Mrs. Avery turned around, while Mr. Avery glanced back, saw his wife was going to address me, then turned back to the nurse's station, an impatient look about him, a muscle in his jaw vibrating with nerves. Mrs. Avery looked me over head-to-toe a couple of times, then managed, "You're the Backstreet Boy," she said simply.

"Yes," I answered. "I'm Nick. Nick Carter."

She looked like she was somewhere between admiration and anger, like she wasn't sure if she was pleased I was there for her daughter or pissed off that I was the one that Charley had been protecting.

"How long have you been here, son, you look exhausted," Mr. Avery commented without really turning around.

"I've been here as long as she has, sir," I answered.

"What happened?" Mrs. Avery pleaded.

"I'm a bit fuzzy on the details myself," I answered. "She saved my life, though. I know that."

"She's so brave," muttered Mrs. Avery, teary-eyed.

"I want to help. Anyway I can. Please."

"Thank you," Mr. Avery answered, "But you should go home and get some rest."

"I can't rest," I said, shaking my head. "I think I'm sort of your daughter's boyfriend." He eyed me. Mrs. Avery patted my arm.

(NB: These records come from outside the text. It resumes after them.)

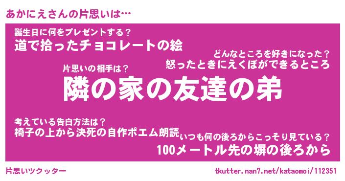 | 意味不明あだ名 | 『ペロリンあかにえ』『永久保存あかにえ』 |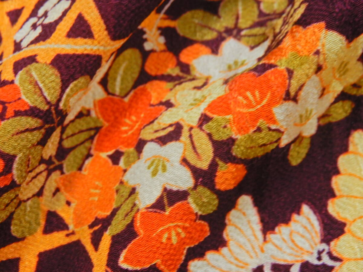 ベース生地の色は濃い赤紫色に近いと思われます。
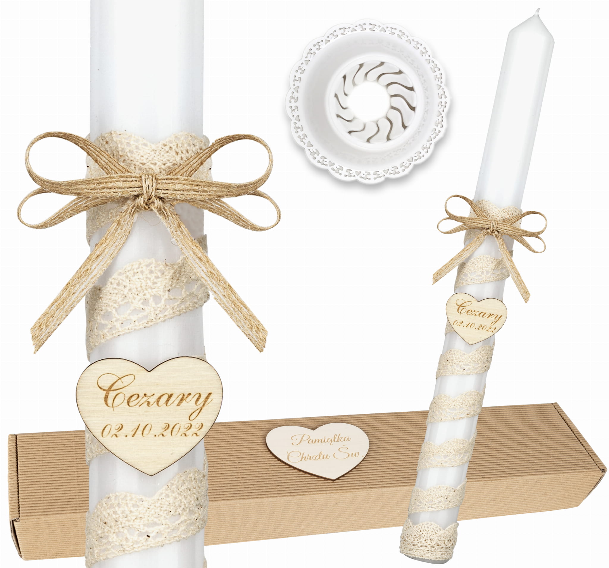 ✔️Świecę do chrztu ozdobioną grawerowanym serduszkiem z imieniem dziecka i datą chrztu (na serduszku grawerujemy pierwsze imię)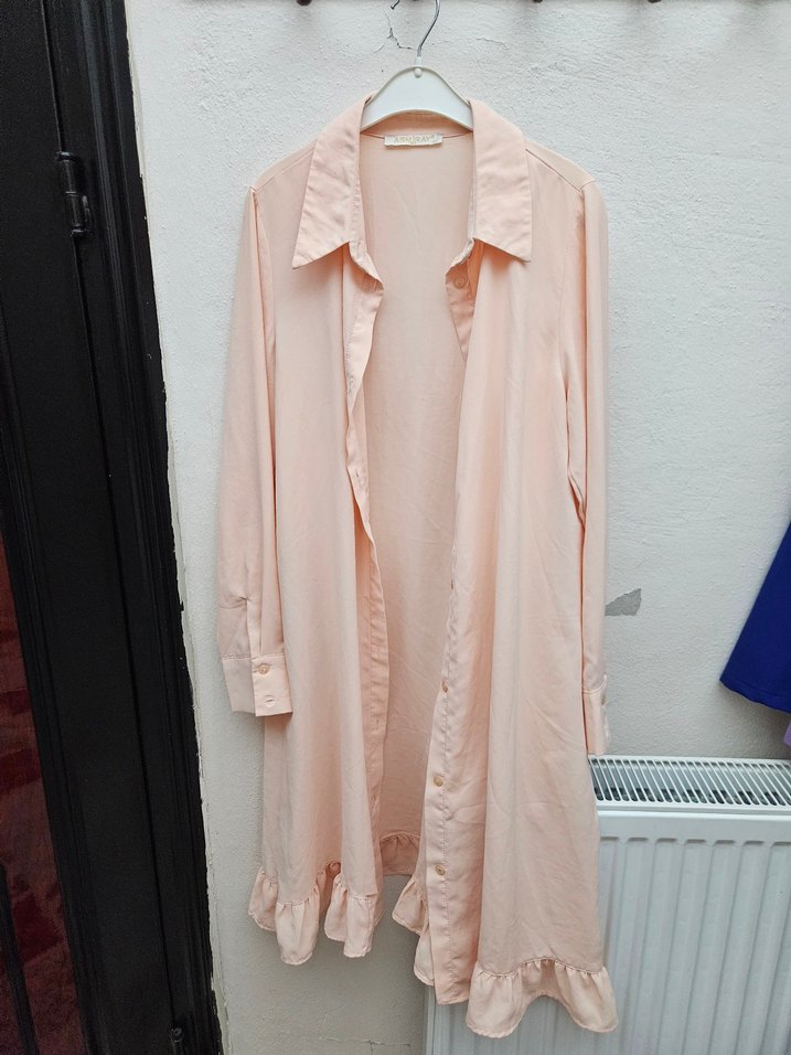 Pembe renk, keten kumaştan, uzun kollu ve bol kesim . Yaka kısmı kesik ve etek ucu fırfırlıdır, rahat ve şık bir görünüm sunar. temiz
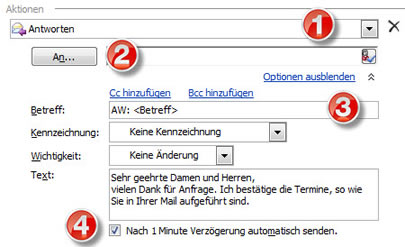Mail mit vorgegebenem Text beantworten und eine Aufgabe erstellen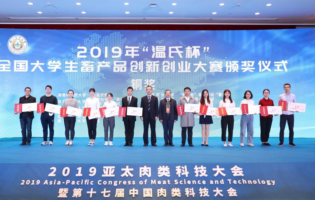 10月12日上午,“温氏杯”全国大学生畜产品创新创业大赛决赛颁奖典礼在南京国际会议中心举办的亚太肉类科技大会上举行。农业农村部畜牧兽医局副局长王俊勋、中国畜产品加工研究会会长周光宏教授、温氏股份养禽事业部副总裁秦开田、荷兰马斯特里赫特大学教授Mark Post、中国畜产品加工研究会名誉副会长李洪军教授、农业农村部屠宰技术中心副处长高胜普、中国畜产品加工研究会副会长、杭州艾博科技工程有限公司董事长韩青荣和平遥牛肉集团董事长雷秉义等人应邀出席本次颁奖典礼并为获奖者颁奖。颁奖典礼由pp电子官方网站pp电子官方网站党委副书记邵士昌主持。

The nurse returned and told Mr. Avery where Charley's room was and said that a doctor would meet them to explain what was happening. He turned to me. "Go home anyway, son. We'll give you a call if anything happens."

And with that, they walked away, leaving me standing by the nurses station.

I didn't go home. I couldn't. Home was a place that you felt safe and I only felt safe with Charley by my side. If a hospital waiting room was as close as I could get to her, then it was as close to home as I was ever gonna be. So I resumed my pacing in the waiting room and waited for someone to make that joke about the hole in the floor.